● **Aim of the exercise**
With the pictures left aside, write out the entries that follow exactly.

>>

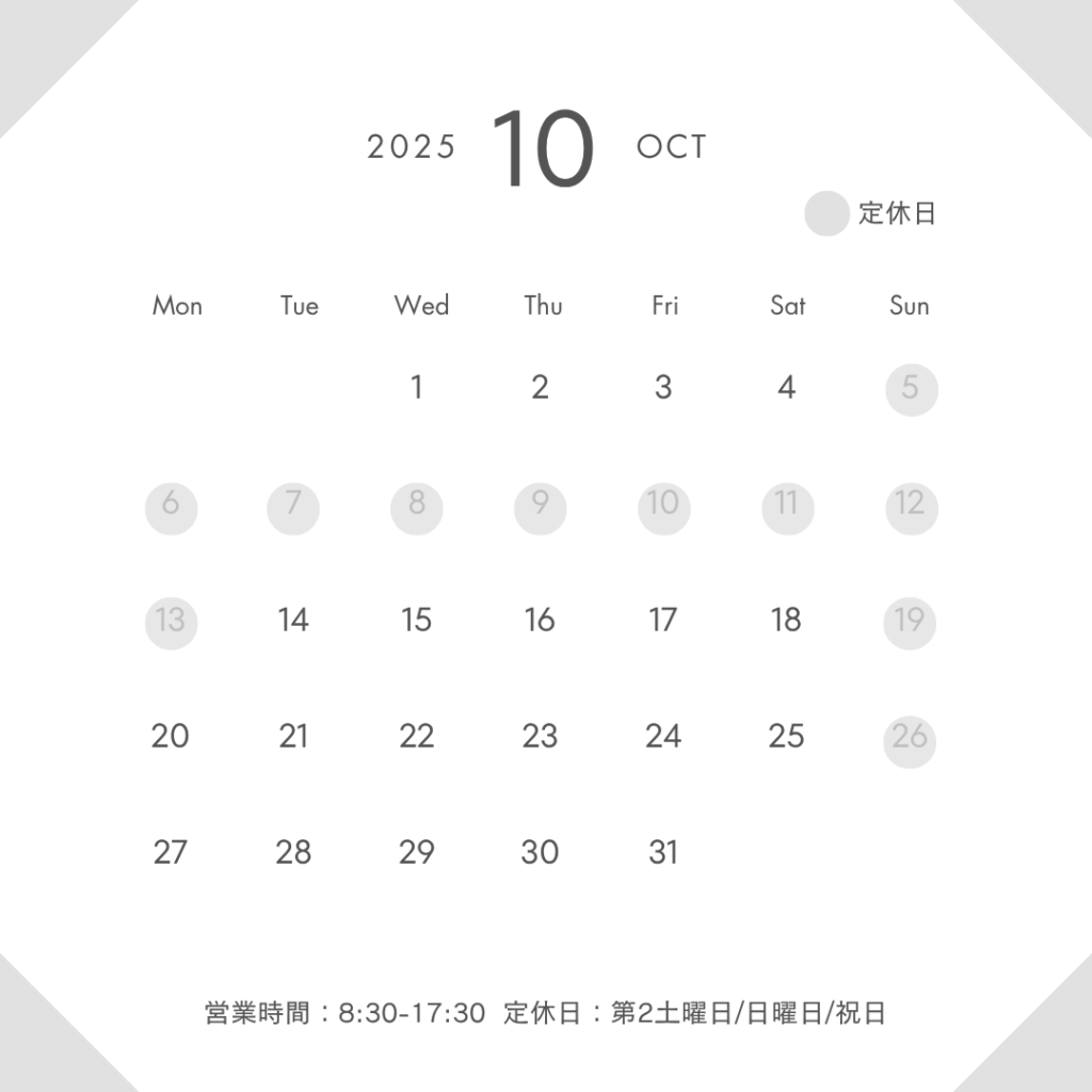 10月の定休日につきましては、下記カレンダーをご確認ください。
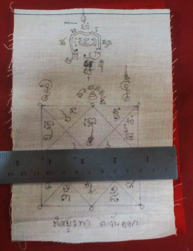 ผ้ายันต์ ไม่ทราบที่ จารยันต์ด้วยมือ ที่ผ้ายันต์เขียน "ทิศบูรพา ตะวันออก" ครับ (พระบ้าน ครับ) |
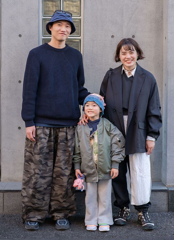 NAME:今成春香さん&今成一崇さん、ようたろうくん・5歳ほどよいカジュアルさと品の良さが交差する今成ファミリー。きちんと感のあるショートトレンチにラフなスウェットパンツを合わせてカジュアルダウンしたママ。オーバーサイズのMA-1にスウェットパンツを重ねたようたろうくん。ボリューミィな迷彩ボトムで存在感を放つパパ。3人の個性を引き立てたリラックスムードが魅力。item▼
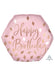 Rose gold & pink blush large hexagon shaped Happy Birthday foil balloon measuring 58 cm x 55 cm (23" x 22") when inflated.
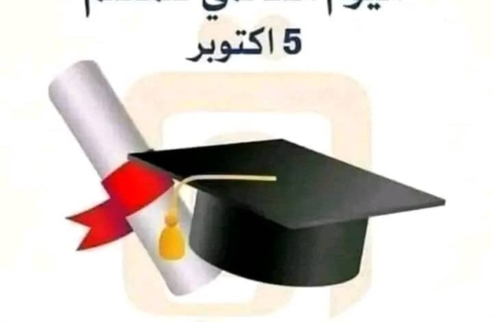 _ يحتفل العالم سنويآ يوم الخامس من إكتوبر كل عام باليوم العالمي للمعلم (عيد المعلم) وهي مناسبة سنوية تحتفل بها الأمم المتحدة، وبمناسبة هذه الإحتفائية للمعلمين رسل السلام وصناع الإبداع نتقدم إليهم بأحر التهاني والتبريكات وأطيب الأماني من سؤيدا الضمير ومكنون الفؤاد إلى الأساتذة الأجلاء ورثة الأنبياء وأحفاد الرابطة القلمية من الجنسين (آدم _ وحواء).

<<

● **Solution**
 10月の定休日につきましては、下記カレンダーをご確認ください。
 ผ้ายันต์ ไม่ทราบที่ จารยันต์ด้วยมือ ที่ผ้ายันต์เขียน "ทิศบูรพา ตะวันออก" ครับ (พระบ้าน ครับ) |
 NAME:今成春香さん&今成一崇さん、ようたろうくん・5歳ほどよいカジュアルさと品の良さが交差する今成ファミリー。きちんと感のあるショートトレンチにラフなスウェットパンツを合わせてカジュアルダウンしたママ。オーバーサイズのMA-1にスウェットパンツを重ねたようたろうくん。ボリューミィな迷彩ボトムで存在感を放つパパ。3人の個性を引き立てたリラックスムードが魅力。item▼
 Rose gold & pink blush large hexagon shaped Happy Birthday foil balloon measuring 58 cm x 55 cm (23" x 22") when inflated.
 _ يحتفل العالم سنويآ يوم الخامس من إكتوبر كل عام باليوم العالمي للمعلم (عيد المعلم) وهي مناسبة سنوية تحتفل بها الأمم المتحدة، وبمناسبة هذه الإحتفائية للمعلمين رسل السلام وصناع الإبداع نتقدم إليهم بأحر التهاني والتبريكات وأطيب الأماني من سؤيدا الضمير ومكنون الفؤاد إلى الأساتذة الأجلاء ورثة الأنبياء وأحفاد الرابطة القلمية من الجنسين (آدم _ وحواء).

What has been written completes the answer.